Minovia Therapeutics’ MNV-201 Granted FDA Fast Track Designation for Myelodysplastic Syndrome

Minovia Therapeutics Ltd., a clinical-stage biotech focused on mitochondrial diseases and age-related conditions, has announced that the U.S. Food and Drug Administration (FDA) has granted Fast Track Designation (FTD) to its lead investigational drug, MNV-201, for the treatment of Myelodysplastic Syndrome (MDS). MDS is a serious, age-related blood disorder affecting hematopoiesis, the process by which blood cells are formed.

This new Fast Track status for MNV-201 complements existing FDA Fast Track and Rare Pediatric Disease Designations granted for the drug’s use in treating Pearson Syndrome, a rare and life-threatening mitochondrial disorder in children. Minovia is currently conducting a Phase 2 clinical trial for MNV-201 in Pearson Syndrome.

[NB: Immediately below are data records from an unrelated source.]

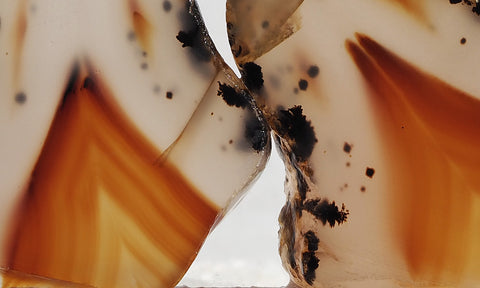 Montana agate has been a long time favorite of the lapidary enthusiast. Found in the alluvial gravels of the Yellowstone River in eastern Montana it has been collected and worked as a semiprecious stone for nearly a century. Noted for its clarity as well as its characteristic isolated black, and occasionally bright red dendrites, it makes excellent cabbing material. The majority of Montana agate pieces show a well-defined fortification pattern of black and brown as well as bright red/orange. There are also variations of filament and tube patterns and a small percentage display an “iris” band in which minute, regularly spaced layers act as a diffusion grating and, like a prism, break light into a rainbow of color. It is a relatively easy material to work with, being quite hard, and takes a brilliant polish.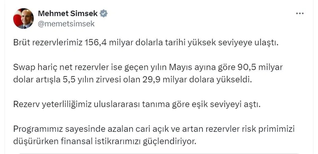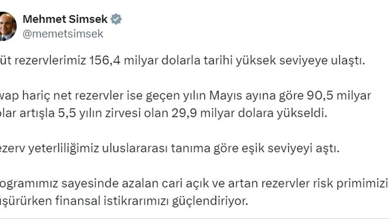 Hazine ve Maliye Bakanı Mehmet Şimşek, sosyal medya hesabından yaptığı açıklamada, "Brüt rezervlerimiz 156,4 milyar dolarla tarihi yüksek seviyeye ulaştı. Swap hariç net rezervler ise geçen yılın mayıs ayına göre 90,5 milyar dolar artışla 5,5 yılın zirvesi olan 29,9 milyar dolara yükseldi. Rezerv yeterliliğimiz uluslararası tanıma göre eşik seviyeyi aştı. Programımız sayesinde azalan cari açık ve artan rezervler risk primimizi düşürürken finansal istikrarımızı güçlendiriyor" ifadelerini kullandı. (DHA)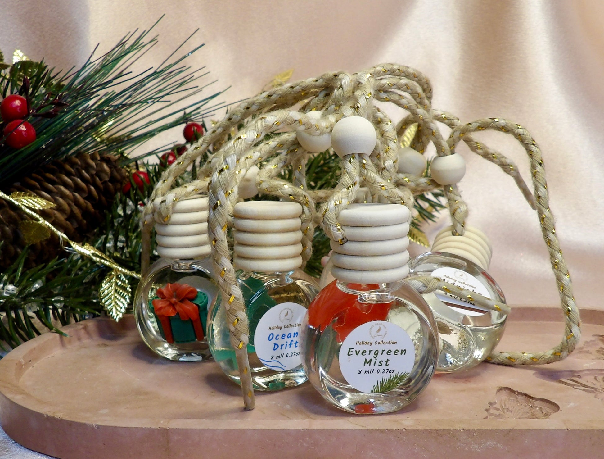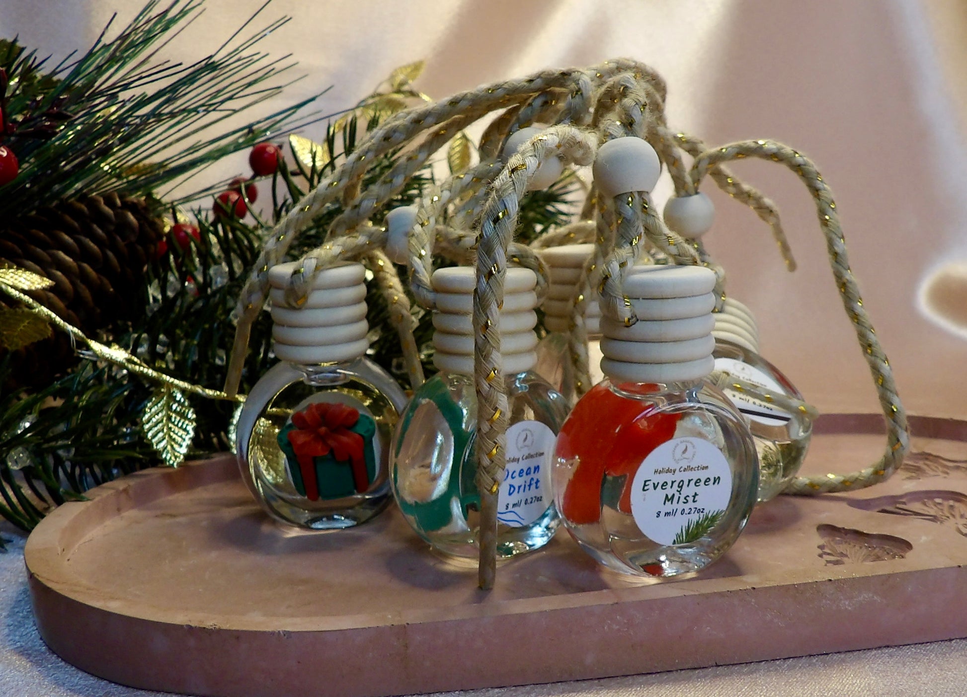 Each mini hanging diffuser doubles as a holiday ornament, handcrafted with eco-based diffuser oil and non-toxic, phthalate-free fragrance oils for a safe, long-lasting aroma. Perfect for cars, closets, or Christmas trees, these festive bottles bring holiday cheer wherever they hang.

Natalie Yivgi-Ohana, Minovia’s Co-founder and CEO, highlighted the importance of the designation: “The Fast Track Designation in MDS validates the urgency and potential of our mitochondrial-targeting science. FDA designations like this can accelerate development timelines and offer valuable benefits throughout the regulatory process.”

The FDA’s Fast Track program is designed to speed up the review of treatments for serious conditions with unmet medical needs. Benefits include more frequent FDA interactions, eligibility for priority review, and the option for rolling submission of a future Biologics License Application (BLA) for MNV-201.

Separately, Minovia recently entered into a definitive business combination agreement with Launch One Acquisition Corp. (Nasdaq: LPAA), a special purpose acquisition company. The transaction is expected to close in late 2025, after which the combined company will operate as Minovia Therapeutics and be listed on Nasdaq under a new ticker symbol.